Business

A vaccine specific to Omicron is on the way.

An updated version of the Covid-19 vaccine that targets the omicron variant is expected to arrive this year – and that could be a lifeline for some companies.

The heads of Pfizer and Moderna both discussed their work on updating vaccines that fight the coronavirus at JP Morgan’s annual healthcare conference on Monday.
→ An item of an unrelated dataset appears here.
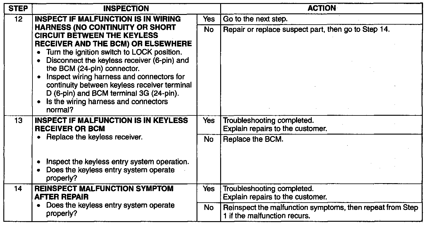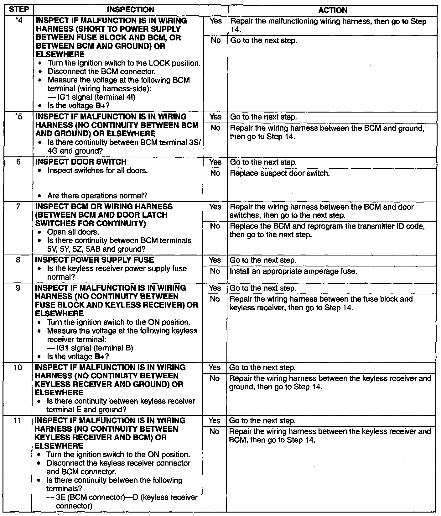 NO.2 ALL ON-BOARD DIAGNOSTIC FUNCTIONS INOPERATIVE [KEYLESS ENTRY SYSTEM]- When performing an asterisked (*) troubleshooting inspection, slightly shake the wiring harness and connectors while performing the inspection to discover whether poor contact points are the cause of any intermittent malfunctions. If there is a problem, verify that the connectors, terminals and wiring harnesses are connected correctly and undamaged.

As has been widely reported, Pfizer’s vaccine against the omicron variant could arrive as early as March.

Meanwhile, Moderna CEO Stéphane Bancel noted that the Massachusetts-based pharmaceutical company was looking to create protection against multiple viruses in one fell swoop, starting with the flu. “[W]We are working on adding the flu to Covid in the same dose, then adding [respiratory syncytial virus] to Covid and flu, then adding more and more viruses, ”Bancel said at the conference on Monday. “And we really want to build the global portfolio in this one shot. ”

The first combo jab could make it possible to target the growing phenomena of “flurona” – in which a person simultaneously contracts Covid -19 and the flu.

This could help industries such as food production and airlines which continue to be affected by the omicron variant; and almost every business has to deal with seasonal flu-related absences. A combined vaccine is also more effective over time – rather than venturing out for two different injections, some populations might receive protection in a single annual vaccine.

But as we get closer to what looks like another vaccine dose this year, a reassessment is already underway – particularly in healthcare – as to what is considered fully vaccinated and how companies define this status in the future. More and more companies are now requiring workers to be fully immunized, i.e. a booster, if they are to keep their role. Meta on Tuesday became the latest to demand that employees be boosted if they want to work on the premises.

Despite the politics, the antivaxxers and the uncertainties and frustrations added by the omicron wave, Pfizer CEO Albert Bourla said there was still reason to be optimistic. “I think we are in a much better place right now than a year ago,” he said, adding that “we have treatments that we have never had before.”